Glossary

Graphics Processing Unit (GPU)

What is GPU?

A graphics processing unit (GPU) is a component that is primarily used to create 3D graphics and increasingly used for general-purpose compute tasks, such as mathematical analysis or AI processing. Almost every device that creates images on a display will require a GPU, from laptop and desktop computers to smartphones, and tablets. A more powerful GPU can create images at a faster frame rate, but this demands a more complex design, requiring a larger GPU that takes up more silicon area, draws more power and is more costly to make. Desktop computers often have a dedicated graphics board containing a GPU, while integrated GPUs are incorporated into a larger piece of silicon such as the motherboard.
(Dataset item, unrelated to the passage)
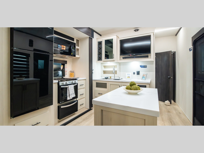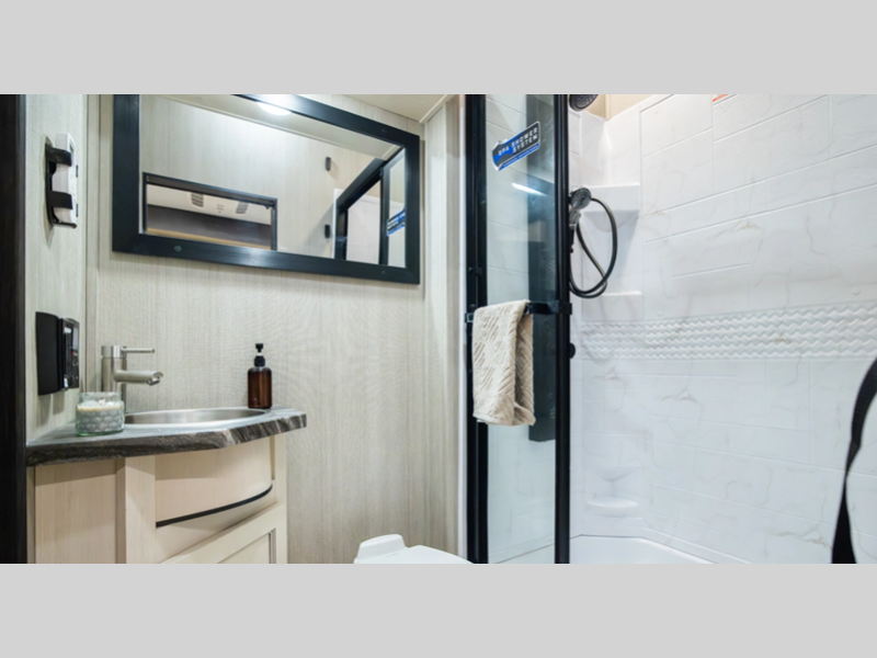 Sleeps 6 Slides 2 Length 34 ft Ext Width 8 ft 6 in Ext Height 12 ft 10 in Hitch Weight 1465 lbs GVWR 13465 lbs Dry Weight 8704 lbs Cargo Capacity 4761 lbs Fresh Water Capacity 102 gals Grey Water Capacity 50 gals Black Water Capacity 50 gals Tire Size 16" Furnace BTU 35000 btu Fuel Capacity 30 gals Number Of Bunks 1 Available Beds King Refrigerator Type 12V Black Glass Residential Style Refrigerator Size 10.7 cu ft Cooktop Burners 3 Number of Awnings 1 Axle Weight 6000 lbs Water Heater Type On Demand Tankless AC BTU 15000 btu TV Info LR LED Flatscreen Awning Info Power w/LED Lights Axle Count 2 Shower Type Standard Electrical Service 50 amp Solar Wattage 200 watts Similar Floorplans

Inside power-constrained devices, such as smartphones and tablets, the GPU is integrated into the silicon-on-chip (SoC), which holds all the necessary computing functions, including the CPU, memory and networking components.

When GPUs first appeared for the desktop computer market in 1999, they were fixed function, in that they were designed to perform 3D acceleration in a particular manner. In the early 2000s GPUs were introduced with programmable pixel shaders, enabling developers to programme the GPU in different ways. This approach supplied more flexibility and enabled the creation of more advanced, more realistic visual effects, such as improvements to shadowing and lighting.

GPU architectures take two different approaches to rendering 3D images. Many use a technique called immediate mode rendering, where all triangles are rendered, textured and shaded, by the GPU before they are sent to the screen. However, the pixels that are not displayed in that frame are culled, which results in wasted processing and system bandwidth. More efficient architectures used a tile-based architecture, where the frame is divided up into tiles and, using a technique called hidden surface removal, only those parts that will be visible to the viewer are rendered. Imagination GPUs are based on tile-based deferred rendering, which only processes visible pixels, making rendering even more efficient.